### INPUT
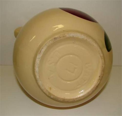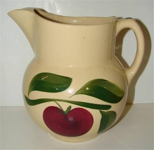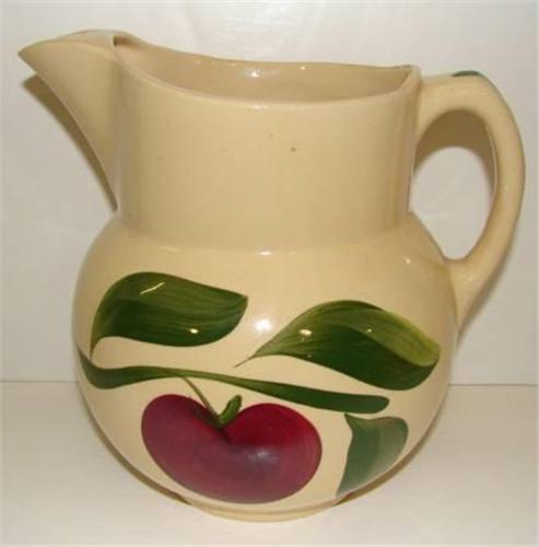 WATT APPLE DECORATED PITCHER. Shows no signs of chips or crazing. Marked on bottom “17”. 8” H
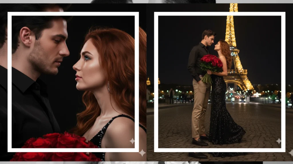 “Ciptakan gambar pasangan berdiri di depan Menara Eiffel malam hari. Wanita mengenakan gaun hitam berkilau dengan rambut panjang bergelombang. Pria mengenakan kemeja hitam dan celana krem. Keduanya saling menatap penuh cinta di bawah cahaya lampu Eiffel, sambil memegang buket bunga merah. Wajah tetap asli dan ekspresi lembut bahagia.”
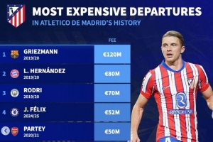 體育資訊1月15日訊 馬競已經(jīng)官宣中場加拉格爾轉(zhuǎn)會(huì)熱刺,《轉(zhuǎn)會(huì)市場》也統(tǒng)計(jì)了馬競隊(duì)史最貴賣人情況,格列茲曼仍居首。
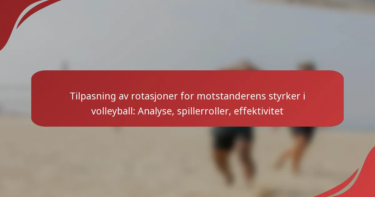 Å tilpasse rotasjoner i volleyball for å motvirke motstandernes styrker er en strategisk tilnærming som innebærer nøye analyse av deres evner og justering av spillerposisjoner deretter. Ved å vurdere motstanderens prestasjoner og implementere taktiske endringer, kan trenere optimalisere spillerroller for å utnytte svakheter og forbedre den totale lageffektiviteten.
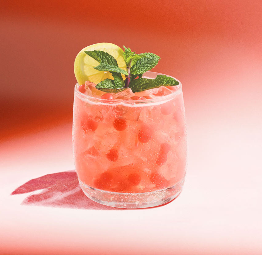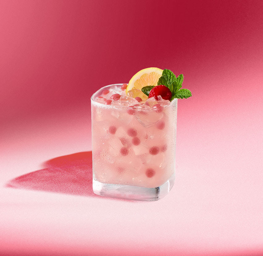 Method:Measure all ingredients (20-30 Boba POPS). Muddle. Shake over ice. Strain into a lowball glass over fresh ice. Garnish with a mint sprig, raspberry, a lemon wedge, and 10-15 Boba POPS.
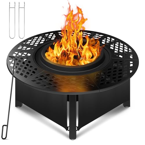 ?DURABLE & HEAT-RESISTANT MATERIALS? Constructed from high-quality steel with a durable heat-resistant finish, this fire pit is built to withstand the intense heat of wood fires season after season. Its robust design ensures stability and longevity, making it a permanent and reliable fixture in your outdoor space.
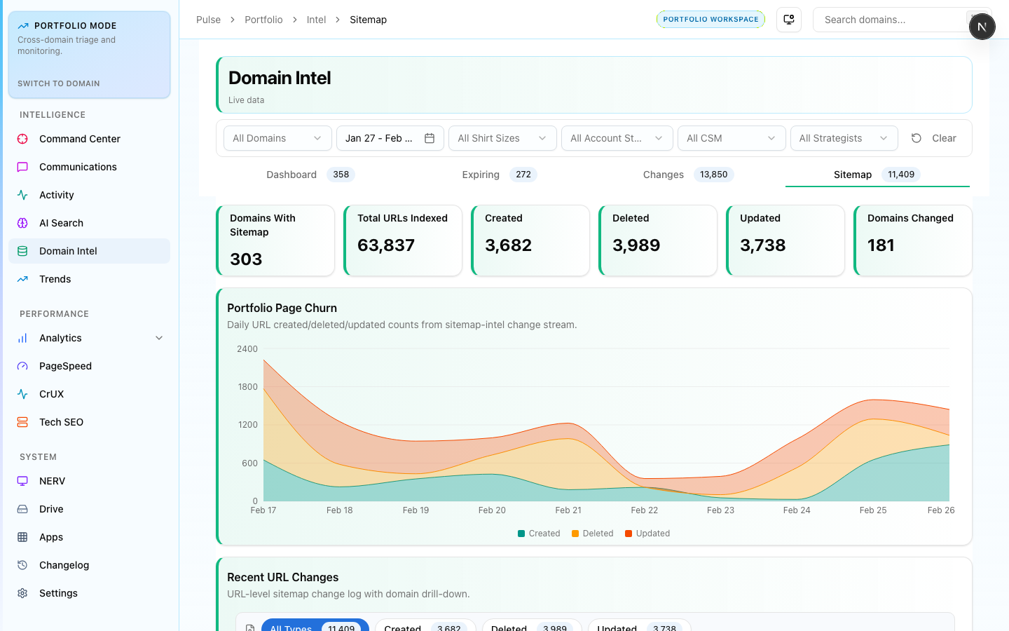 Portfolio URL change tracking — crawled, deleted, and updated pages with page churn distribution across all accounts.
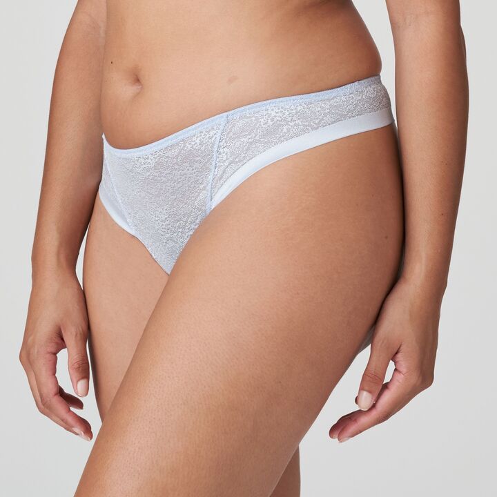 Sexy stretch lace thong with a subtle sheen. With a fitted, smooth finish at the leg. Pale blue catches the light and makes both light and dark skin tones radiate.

### WORK ITEM
"Method:Measure all ingredients" marks the first line to copy; copy that line and every line after it through the last line of the listing, exactly and without pictures.

### TASK RESPONSE
 Method:Measure all ingredients (20-30 Boba POPS). Muddle. Shake over ice. Strain into a lowball glass over fresh ice. Garnish with a mint sprig, raspberry, a lemon wedge, and 10-15 Boba POPS.
 ?DURABLE & HEAT-RESISTANT MATERIALS? Constructed from high-quality steel with a durable heat-resistant finish, this fire pit is built to withstand the intense heat of wood fires season after season. Its robust design ensures stability and longevity, making it a permanent and reliable fixture in your outdoor space.
 Portfolio URL change tracking — crawled, deleted, and updated pages with page churn distribution across all accounts.
 Sexy stretch lace thong with a subtle sheen. With a fitted, smooth finish at the leg. Pale blue catches the light and makes both light and dark skin tones radiate.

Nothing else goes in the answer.